* **Work order**
Set down, word for word, only the lines from the start of the records through the line bearing "Mittagsblume „ Delosperma"; include no pictures.

* **Dataset content**
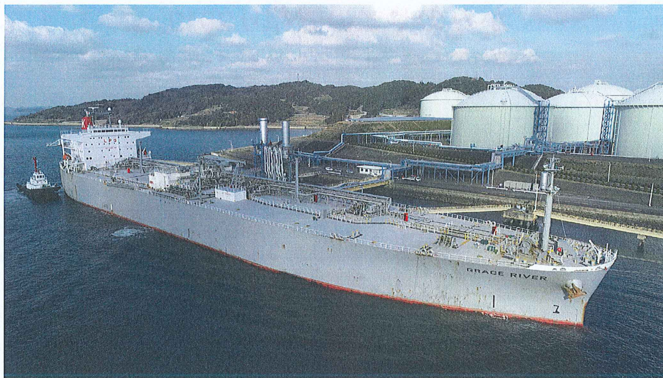
イクシスで生産されたLPガスを受け入れる九州液化瓦斯福島基地
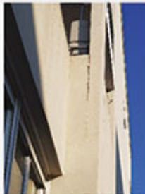
Xavier POTIER ENTPE - Université de Lyon

Entaille réalisée dans l'entrait de la charpente pour que le volet puisse s'ouvrir entièrement.
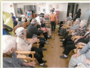
スポーツ大会の風景(みんな頑張れ~!!)
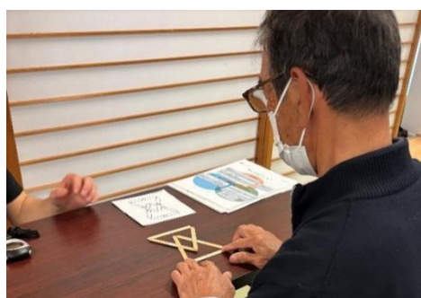
▲認知能力測定の様子
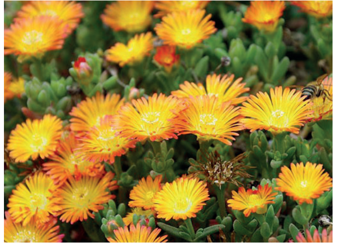
Mittagsblume „ Delosperma sutherlandii “ aus der Serie „Wheels of Wonder“

Erstmalig im Sortiment sind auch die Begonien der Sorten „Fragrant Falls Lemon“ und „Peach“, die beide herrlich nach frischer Zitrone duften und sehr kompakt im Wuchs sind. Eine weitere Neuheit ist die „ Alternanthera reineckii “ mit dem Sortennamen „Little Romance“. Das Verkaufsteam verrät: „Das sogenannte ‚Papageien-Blatt‘ besticht durch seine wunderschön violett-farbigen Blätter und ist ebenfalls sehr gedungen im Wuchs und gut hitzeverträglich.“
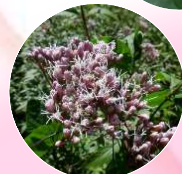
フジバカマ (園芸種)
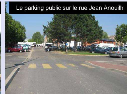
Le parking public sur le rue Jean Anouilh
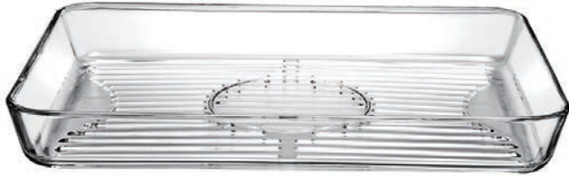
P-59554* BORCAM GRILL 3850cc 耐熱長方形油切烤盤 H: 50mm φ: 400x270mm 1x6

* **Exercise response**
イクシスで生産されたLPガスを受け入れる九州液化瓦斯福島基地
Xavier POTIER ENTPE - Université de Lyon

Entaille réalisée dans l'entrait de la charpente pour que le volet puisse s'ouvrir entièrement.
スポーツ大会の風景(みんな頑張れ~!!)
▲認知能力測定の様子
Mittagsblume „ Delosperma sutherlandii “ aus der Serie „Wheels of Wonder“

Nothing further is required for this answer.